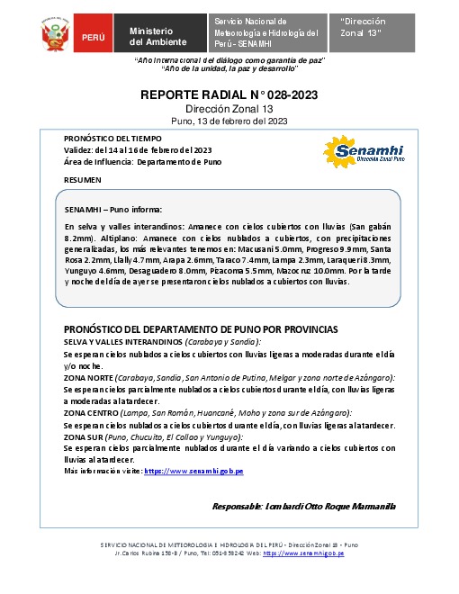 Reporte radial del 13 de febrero del 2023
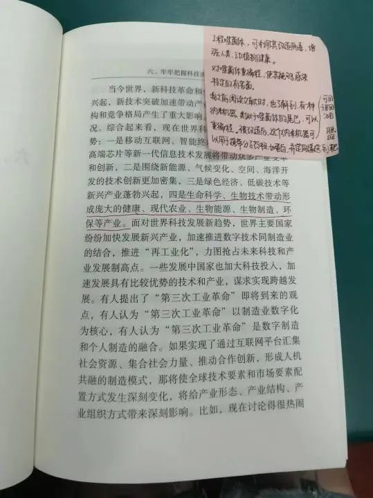 各位同志积极讨论并分享自己的阅读感悟。习近平总书记在书中对“科技创新”做出的许多绝妙比喻给大家留下了深刻的印象,同时,针对书中第六章总书记指出的“综合来看,现代世界科技发展有这样几个趋势:…… 四是生命科学、生物技术带动形成庞大的健康、现代农业、生物能源、生物制造、环保等产业。”同志们纷纷分享自己所了解的生物科学领域的科技创新。
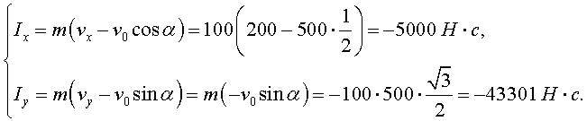 Ответ: Проекции импульса равнодействующей: Sx = - 5000 Н·с, Sy = - 43300 Н·с.
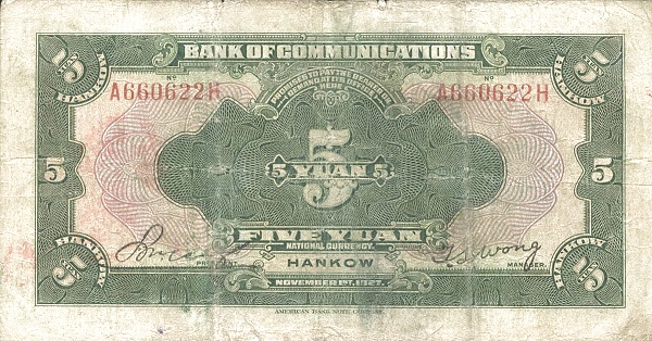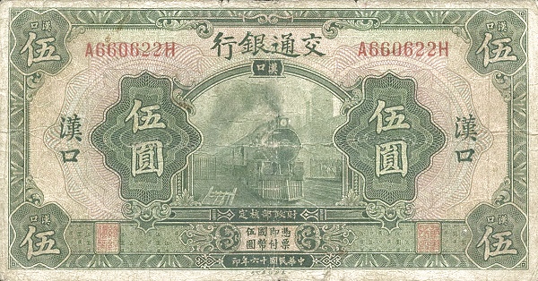 5 YUAN HANKOW / 5 YUAN HANKOW / BANK OF COMMUNICATIONS / PROMISES TO PAY THE BEARER ON DEMAND IN ITS OFFICE HERE / 5 / 5 YUAN / 5 / FIVE YUAN NATIONAL CURRENCY / HANKOW NOVEMBER 1st 1927 / 5 YUAN HANKOW / 5 YUAN HANKOW
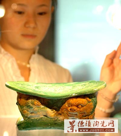 8月3日,“盛夏華章精品拍賣(mài)會(huì)”拍品預(yù)展于北京亞洲大酒店舉行,據(jù)主辦方介紹,本次預(yù)展品分千年古瓷枕、明清瓷器、佛教藝術(shù)品、名品紫砂壺與陳年普洱茶等專場(chǎng)。其中“千年夢(mèng)華──古瓷枕”專場(chǎng)最為搶眼,展出中的唐、宋、金時(shí)期陶瓷枕,不少是從海外征集而來(lái),具有極高的藝術(shù)價(jià)值和商業(yè)價(jià)值。據(jù)悉,拍賣(mài)會(huì)將于8月5日在京開(kāi)槌,屆時(shí)除古瓷枕之外的展品均參與競(jìng)拍。圖為工作人員在展示一款金代的“醬黃絞釉雙獅形枕”。
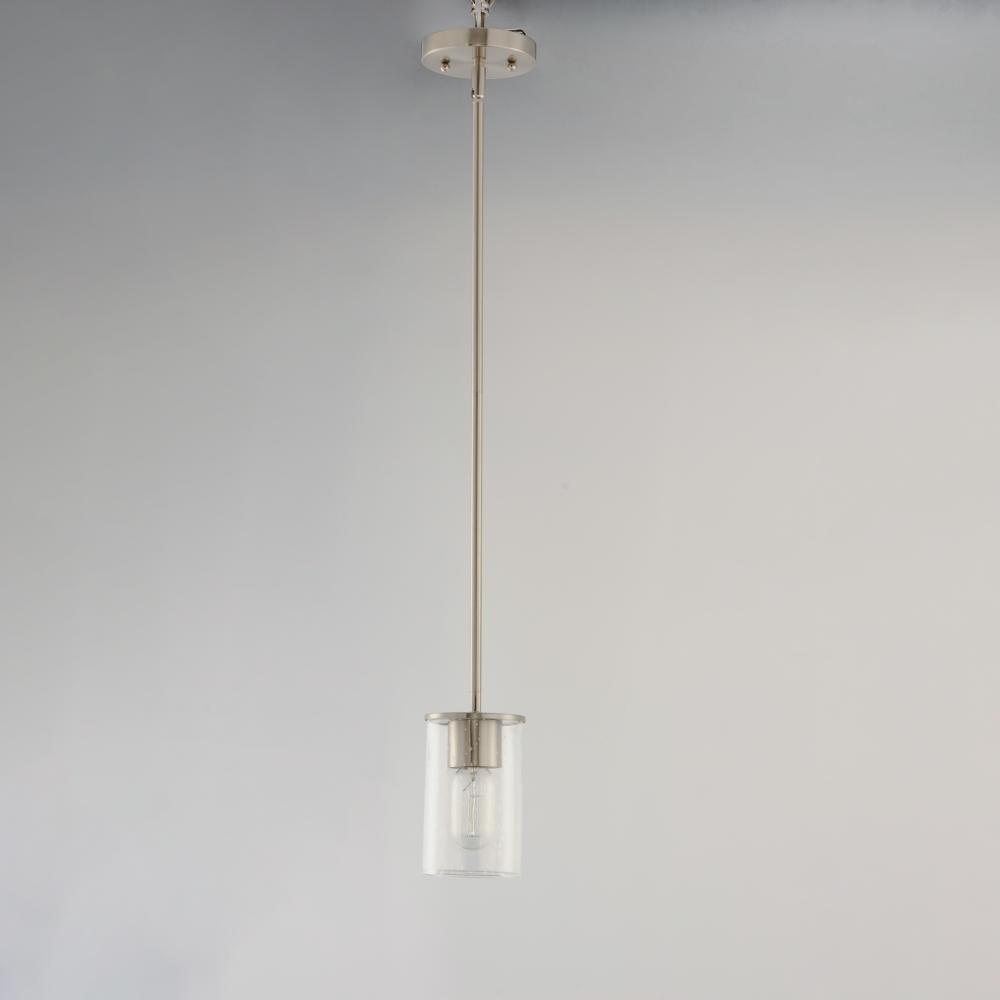 Cylinders in Clear Seeded glass on simple Satin Nickel frames or matte Black frames with Antiqued Brass socket covers. Pivoting arms on chandelier allow it to direct light up or down. Use filament lamps either tubular or Edison in shape for a Coastal or In
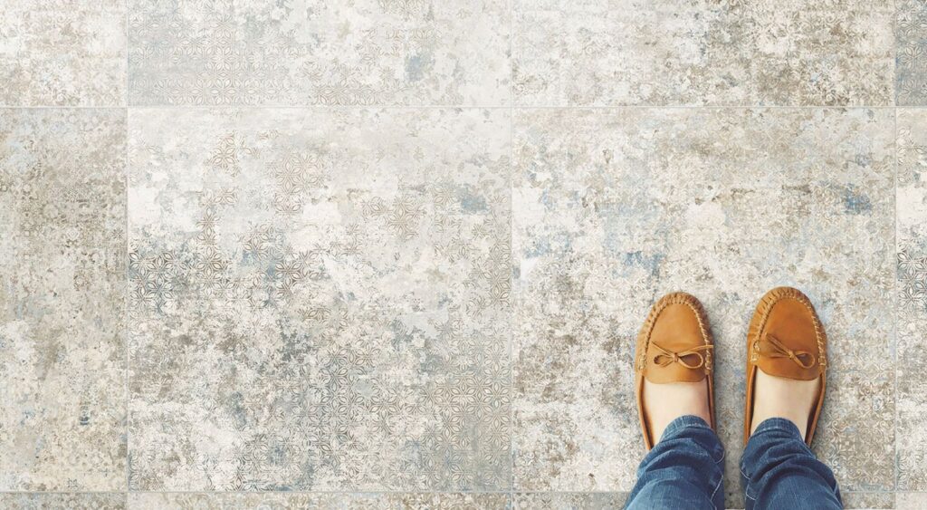 VINTAGE to linia płytek w wabi-sabi z przetartym dekoracyjnym motywem.
───
What you will do: Working from the data above, repeat exactly, and only, the lines that begin at the line containing "各位同志积极讨论并分享自己的" and stop after the line containing "5 YUAN HANKOW / 5 YUAN HANKOW /"; pictures are not copied.

Expected output:
 各位同志积极讨论并分享自己的阅读感悟。习近平总书记在书中对“科技创新”做出的许多绝妙比喻给大家留下了深刻的印象,同时,针对书中第六章总书记指出的“综合来看,现代世界科技发展有这样几个趋势:…… 四是生命科学、生物技术带动形成庞大的健康、现代农业、生物能源、生物制造、环保等产业。”同志们纷纷分享自己所了解的生物科学领域的科技创新。
 Ответ: Проекции импульса равнодействующей: Sx = - 5000 Н·с, Sy = - 43300 Н·с.
 5 YUAN HANKOW / 5 YUAN HANKOW / BANK OF COMMUNICATIONS / PROMISES TO PAY THE BEARER ON DEMAND IN ITS OFFICE HERE / 5 / 5 YUAN / 5 / FIVE YUAN NATIONAL CURRENCY / HANKOW NOVEMBER 1st 1927 / 5 YUAN HANKOW / 5 YUAN HANKOW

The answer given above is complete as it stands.